花花酱 LeetCode 991. Broken Calculator

By zxi on February 10, 2019

On a broken calculator that has a number showing on its display, we can perform two operations:

Double: Multiply the number on the display by 2, or;
Decrement: Subtract 1 from the number on the display.

Initially, the calculator is displaying the number X.

Return the minimum number of operations needed to display the number Y.

Example 1:

Input: X = 2, Y = 3
Output: 2
Explanation: Use double operation and then decrement operation {2 -> 4 -> 3}.

Example 2:

Input: X = 5, Y = 8
Output: 2
Explanation: Use decrement and then double {5 -> 4 -> 8}.

Example 3:

Input: X = 3, Y = 10
Output: 3
Explanation:  Use double, decrement and double {3 -> 6 -> 5 -> 10}.

Example 4:

Input: X = 1024, Y = 1
Output: 1023
Explanation: Use decrement operations 1023 times.

Note:

1 <= X <= 10^9
1 <= Y <= 10^9

Solution: Greedy

Thinking backwards, making Y <= X by adding 1 or dividing 2.

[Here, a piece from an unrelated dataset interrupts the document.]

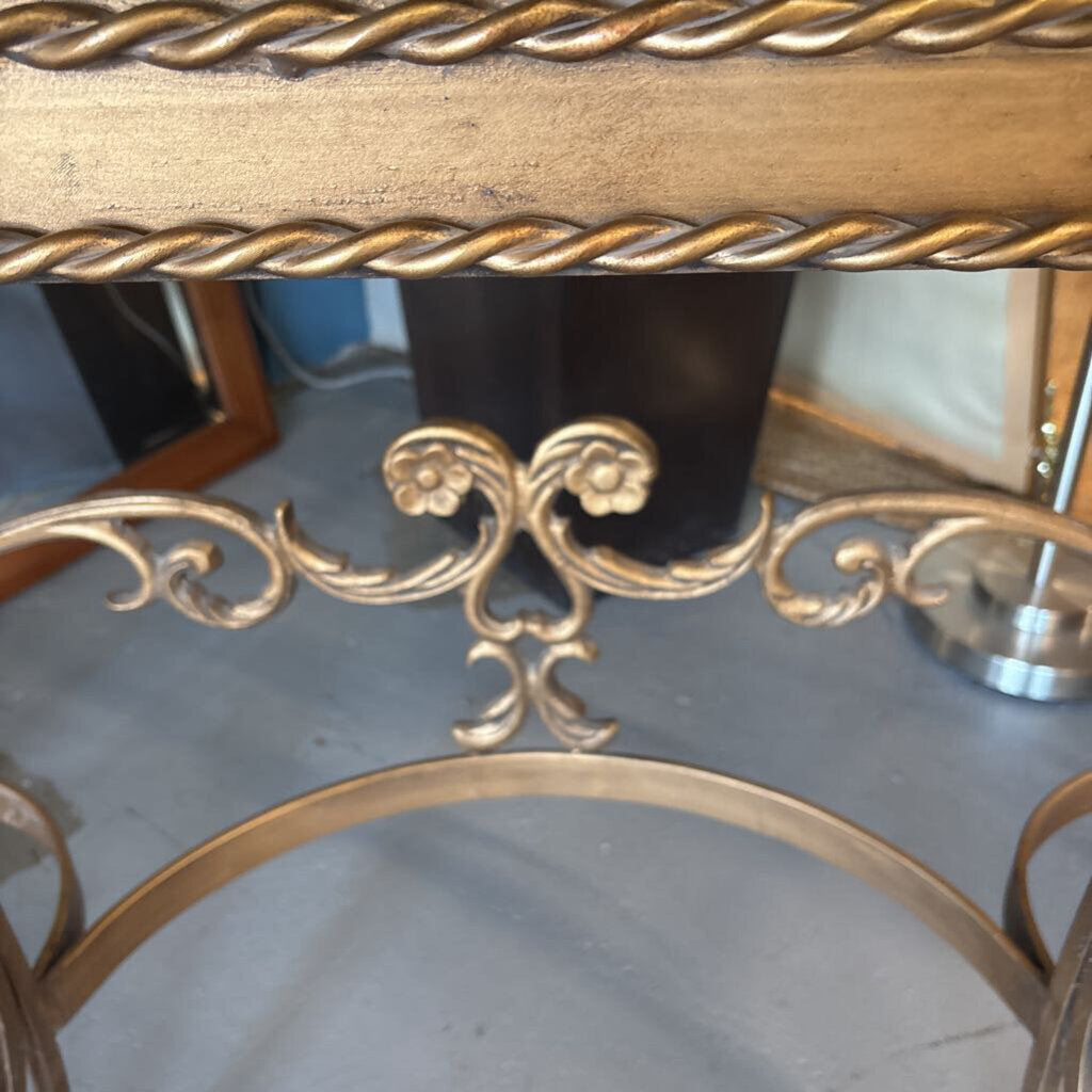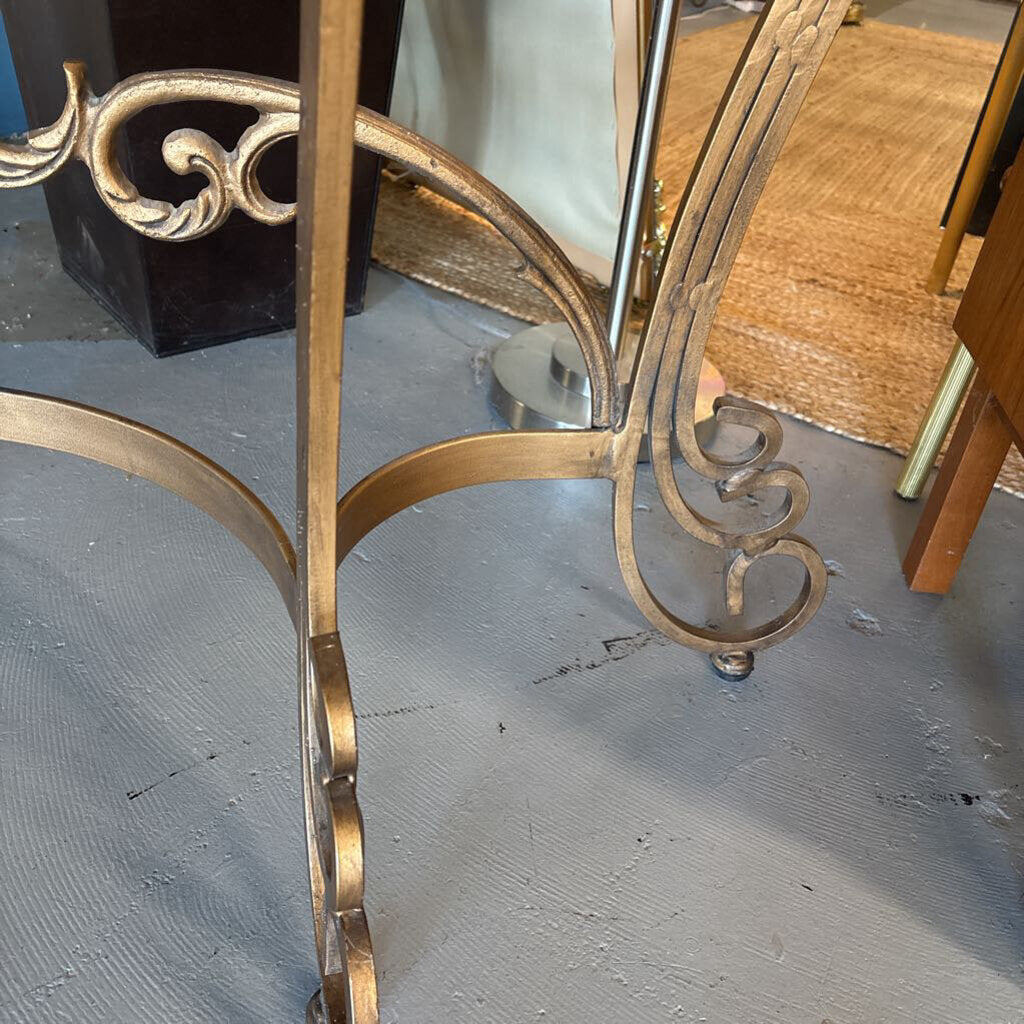 Half Moon Glass Console Table w Wrought Iron Gold Base - Reid & Siemonsen

If Y is even, (Y + 1) // 2 == Y // 2, there is no need to do the extra step
If Y is odd (Y + 1) // 2 = (Y // 2) + 1, so only do + 1 when Y is odd

Time complexity: O(log(Y-X))
Space complexity: O(1)

C++

// Author: Huahua, running time: 4 ms, 4.7 MB

class Solution {

public:

int brokenCalc(int X, int Y) {

if (X <= Y) return X - Y;

return 1 + brokenCalc(X, Y % 2 ? Y + 1 : Y / 2);

}

};